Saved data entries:
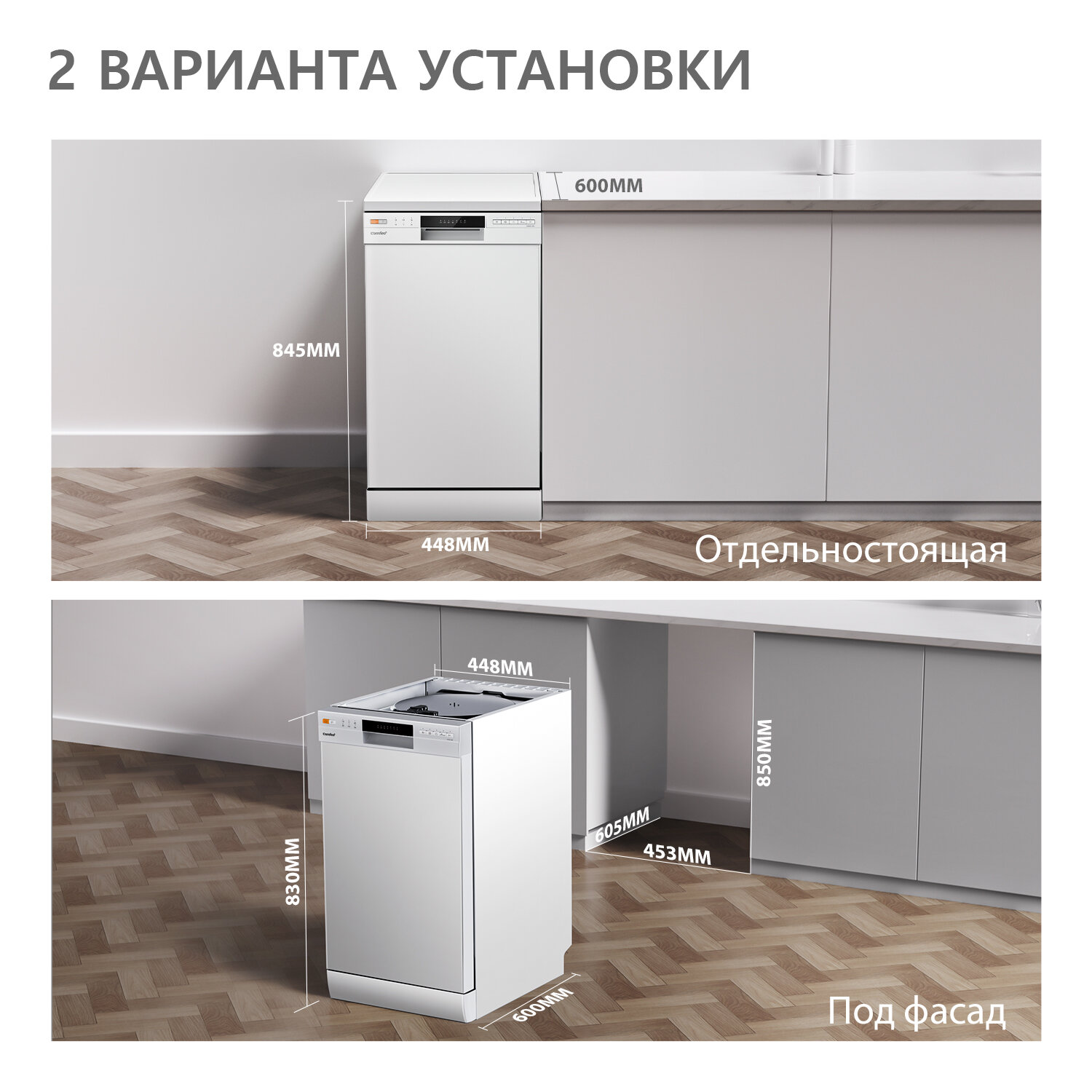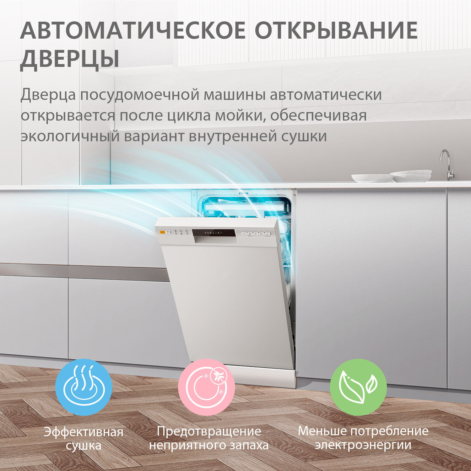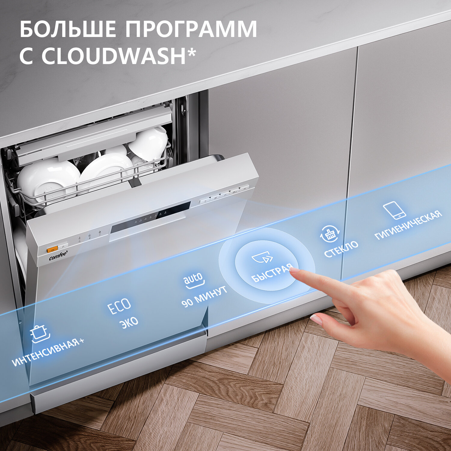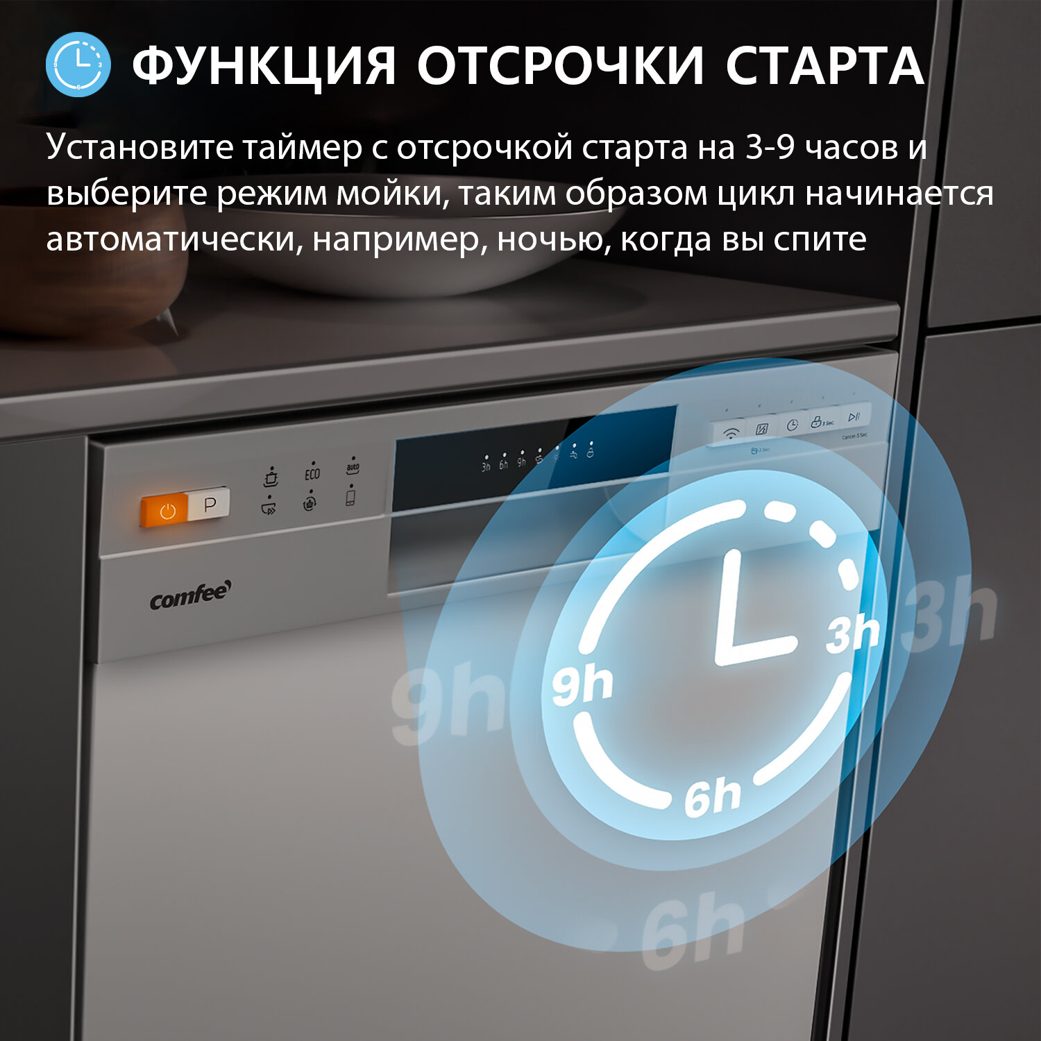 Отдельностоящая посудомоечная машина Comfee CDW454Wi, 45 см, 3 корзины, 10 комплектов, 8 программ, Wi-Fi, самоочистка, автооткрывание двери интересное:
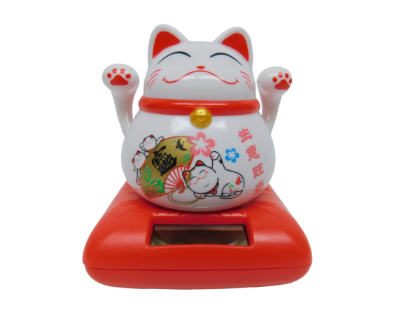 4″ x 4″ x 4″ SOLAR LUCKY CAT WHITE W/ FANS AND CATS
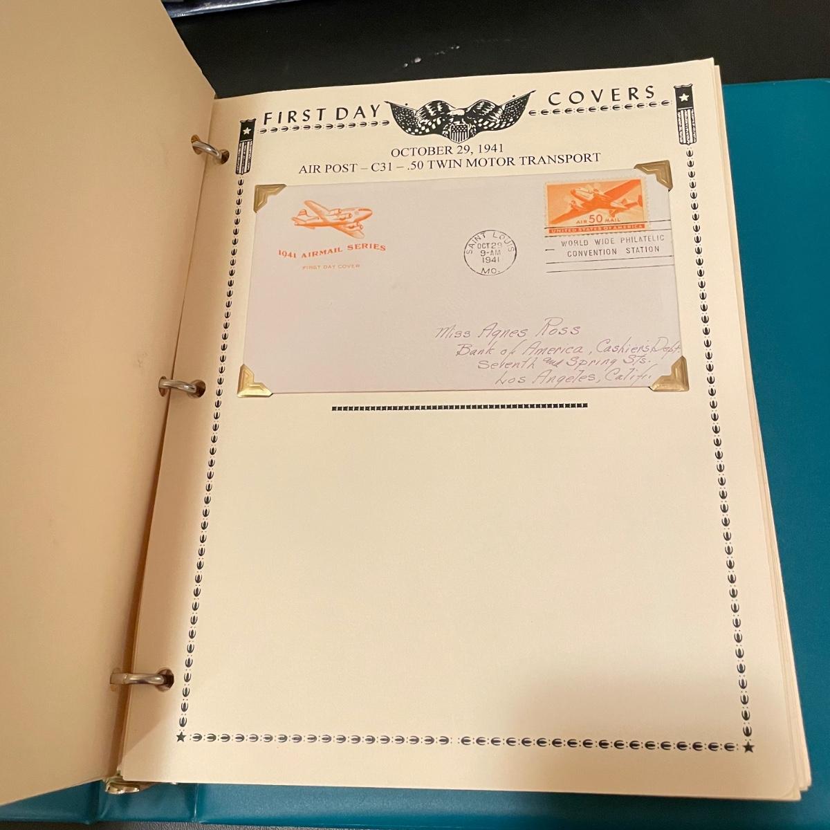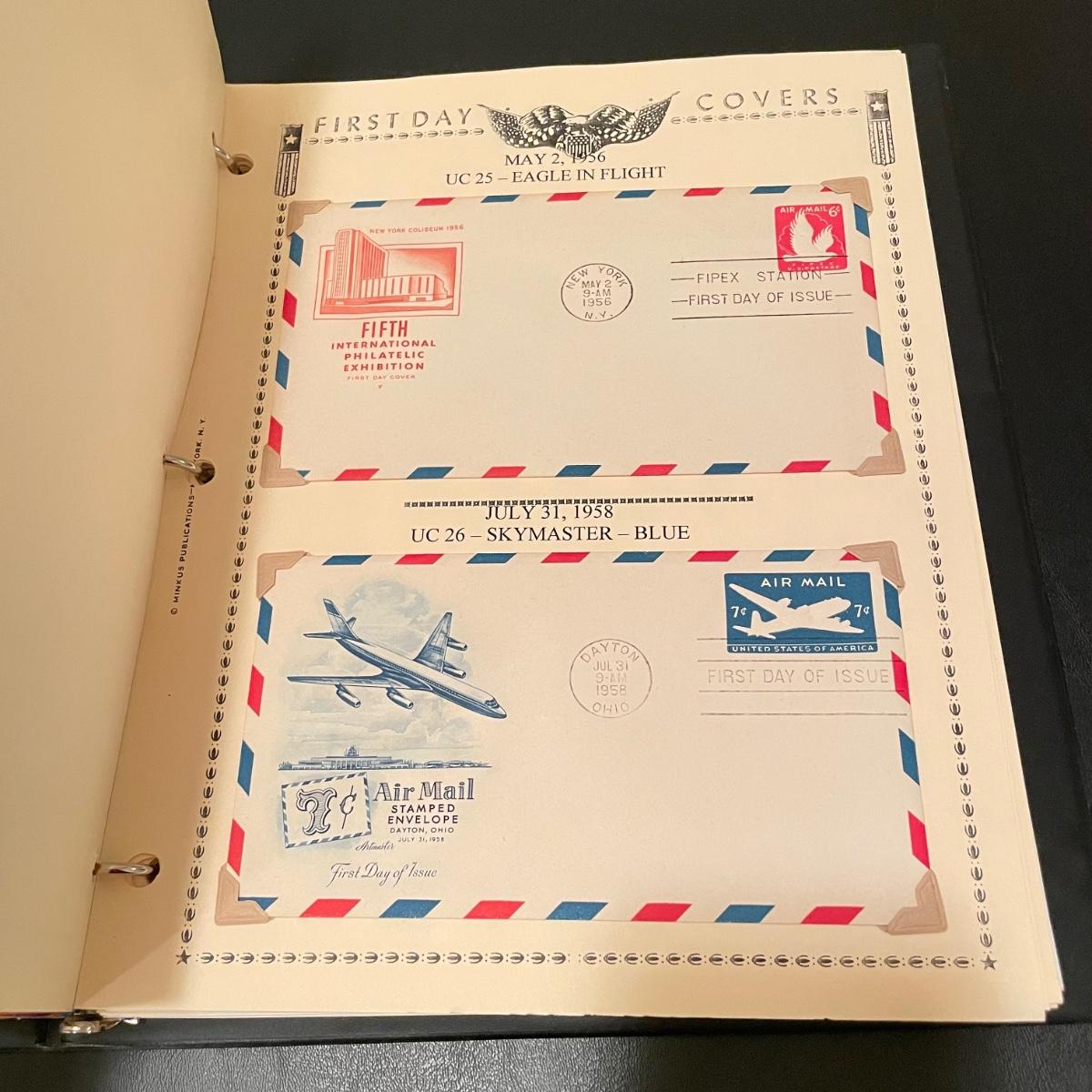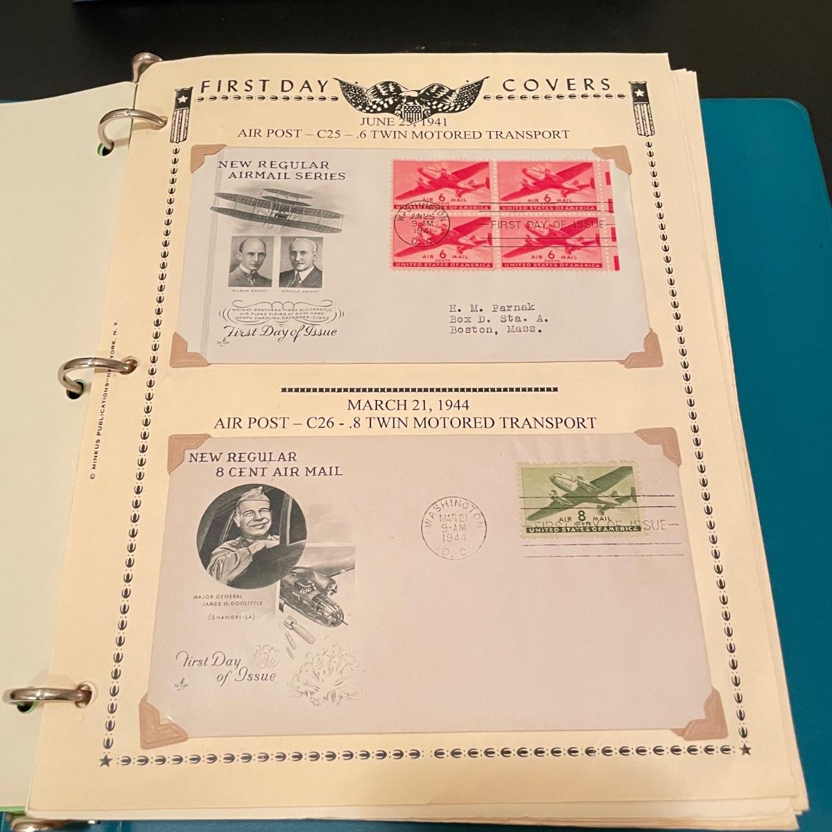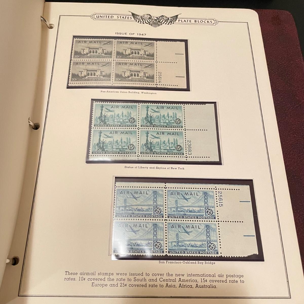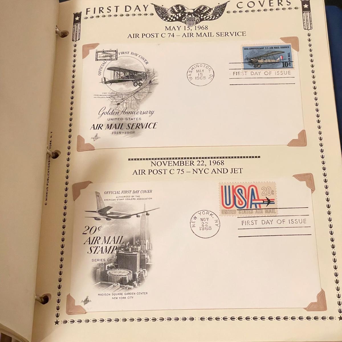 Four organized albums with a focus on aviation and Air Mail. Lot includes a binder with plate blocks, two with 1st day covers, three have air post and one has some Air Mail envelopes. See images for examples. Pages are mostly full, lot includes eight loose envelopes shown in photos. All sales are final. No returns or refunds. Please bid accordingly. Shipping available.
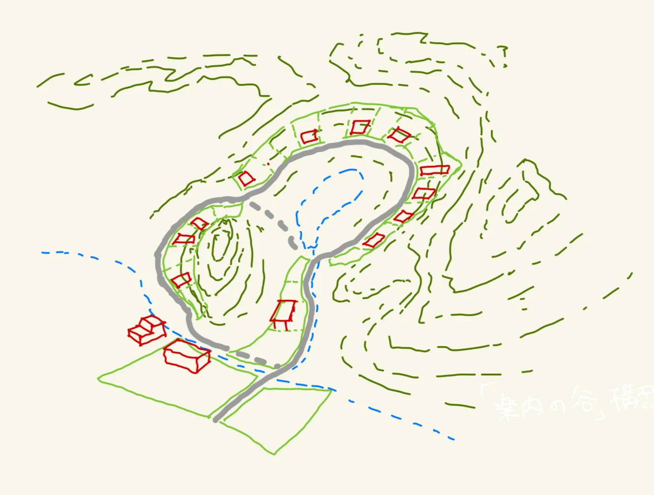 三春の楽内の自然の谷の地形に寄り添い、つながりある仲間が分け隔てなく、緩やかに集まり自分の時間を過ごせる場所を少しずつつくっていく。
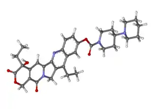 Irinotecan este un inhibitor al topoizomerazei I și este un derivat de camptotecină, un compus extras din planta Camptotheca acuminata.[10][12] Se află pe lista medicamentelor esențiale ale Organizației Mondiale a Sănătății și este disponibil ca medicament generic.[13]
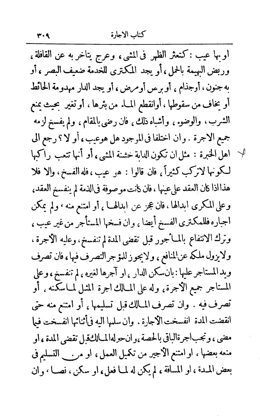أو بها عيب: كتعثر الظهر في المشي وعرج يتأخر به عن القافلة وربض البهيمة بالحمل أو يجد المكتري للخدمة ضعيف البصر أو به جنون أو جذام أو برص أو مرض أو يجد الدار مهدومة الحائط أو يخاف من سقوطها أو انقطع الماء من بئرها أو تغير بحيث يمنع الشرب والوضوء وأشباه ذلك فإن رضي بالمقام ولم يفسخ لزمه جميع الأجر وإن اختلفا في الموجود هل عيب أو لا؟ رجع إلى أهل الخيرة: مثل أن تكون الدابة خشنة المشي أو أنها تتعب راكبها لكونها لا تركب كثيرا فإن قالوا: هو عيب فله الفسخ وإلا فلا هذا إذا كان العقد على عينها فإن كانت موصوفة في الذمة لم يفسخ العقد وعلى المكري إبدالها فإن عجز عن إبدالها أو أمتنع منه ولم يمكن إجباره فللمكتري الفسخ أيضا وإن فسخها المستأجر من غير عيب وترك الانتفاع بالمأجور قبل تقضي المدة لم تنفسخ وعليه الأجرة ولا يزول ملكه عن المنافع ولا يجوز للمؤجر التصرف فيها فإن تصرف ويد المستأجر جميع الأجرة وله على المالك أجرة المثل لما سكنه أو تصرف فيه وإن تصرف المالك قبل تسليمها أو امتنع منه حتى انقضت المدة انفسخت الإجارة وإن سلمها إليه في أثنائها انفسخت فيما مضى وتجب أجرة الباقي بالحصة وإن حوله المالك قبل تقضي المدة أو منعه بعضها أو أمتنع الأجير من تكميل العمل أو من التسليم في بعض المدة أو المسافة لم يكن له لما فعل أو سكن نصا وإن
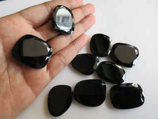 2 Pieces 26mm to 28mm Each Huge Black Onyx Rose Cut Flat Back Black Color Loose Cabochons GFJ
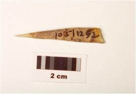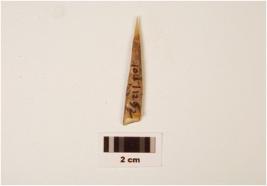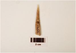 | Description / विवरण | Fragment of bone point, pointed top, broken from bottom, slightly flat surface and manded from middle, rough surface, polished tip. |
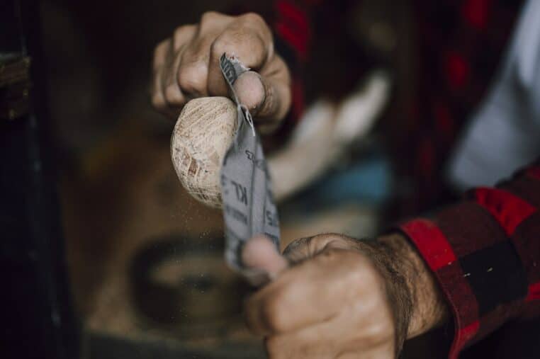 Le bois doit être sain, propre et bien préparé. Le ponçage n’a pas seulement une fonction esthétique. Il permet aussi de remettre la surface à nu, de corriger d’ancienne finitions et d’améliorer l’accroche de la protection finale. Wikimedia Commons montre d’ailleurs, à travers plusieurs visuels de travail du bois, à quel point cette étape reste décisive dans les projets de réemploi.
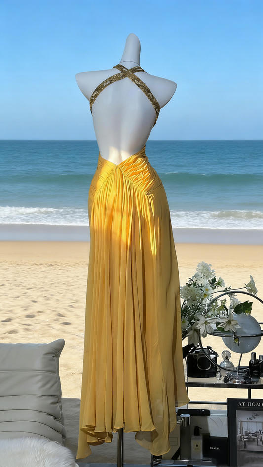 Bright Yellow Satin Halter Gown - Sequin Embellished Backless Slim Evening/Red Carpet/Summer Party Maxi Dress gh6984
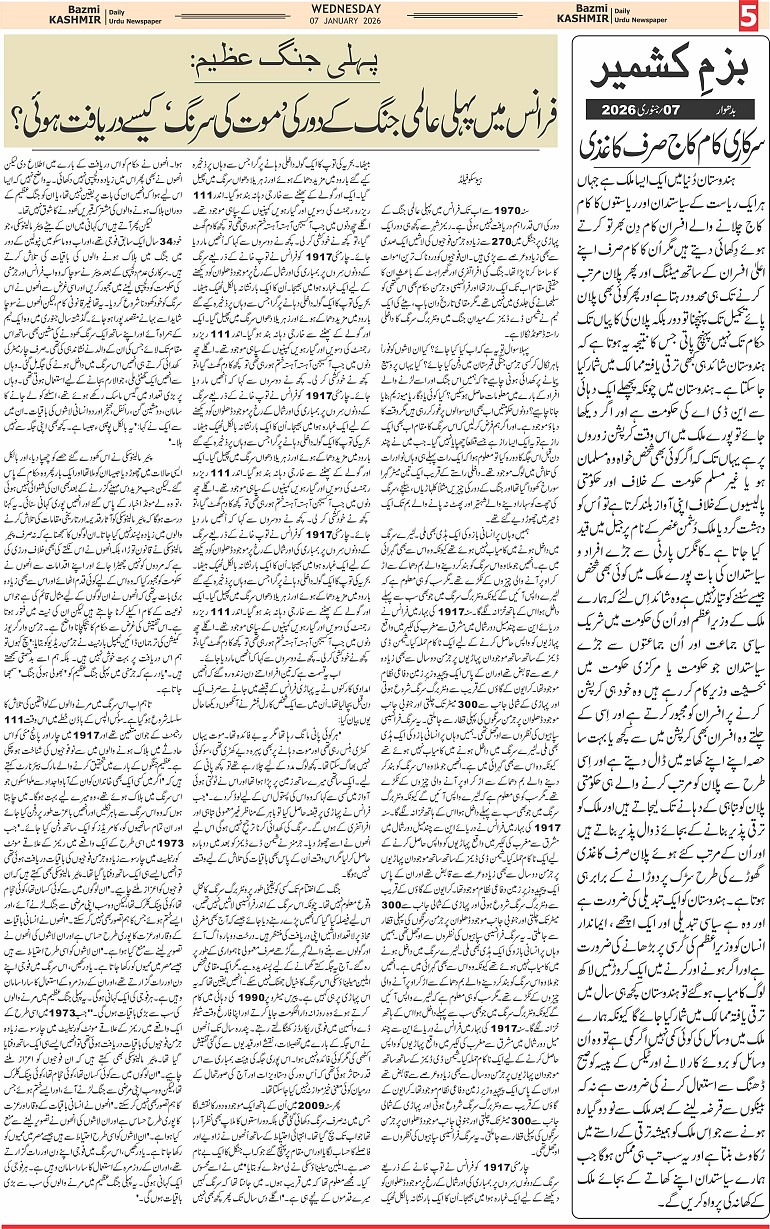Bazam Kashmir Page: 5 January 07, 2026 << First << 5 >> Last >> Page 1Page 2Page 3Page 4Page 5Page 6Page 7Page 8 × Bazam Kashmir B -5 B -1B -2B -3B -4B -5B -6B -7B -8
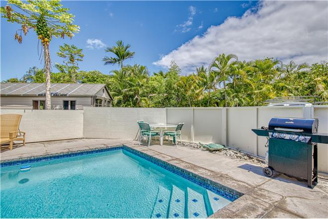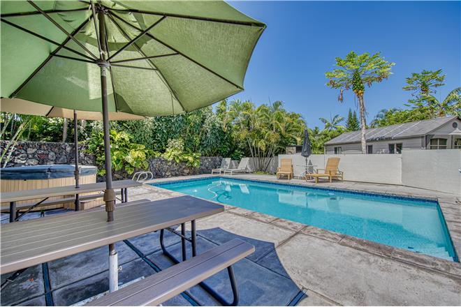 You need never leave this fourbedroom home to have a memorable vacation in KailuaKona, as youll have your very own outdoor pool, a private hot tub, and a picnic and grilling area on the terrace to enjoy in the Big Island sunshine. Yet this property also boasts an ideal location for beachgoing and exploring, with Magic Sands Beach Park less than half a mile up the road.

*PROBLEM DETAILS:*
Each line above starting at the one holding "Bright Yellow Satin" and ending at the one holding "Bazam Kashmir Page: 5" should be set down exactly as it stands, both ends included, with no pictures.

*ANSWER FOR THE TASK:*
 Bright Yellow Satin Halter Gown - Sequin Embellished Backless Slim Evening/Red Carpet/Summer Party Maxi Dress gh6984
Bazam Kashmir Page: 5 January 07, 2026 << First << 5 >> Last >> Page 1Page 2Page 3Page 4Page 5Page 6Page 7Page 8 × Bazam Kashmir B -5 B -1B -2B -3B -4B -5B -6B -7B -8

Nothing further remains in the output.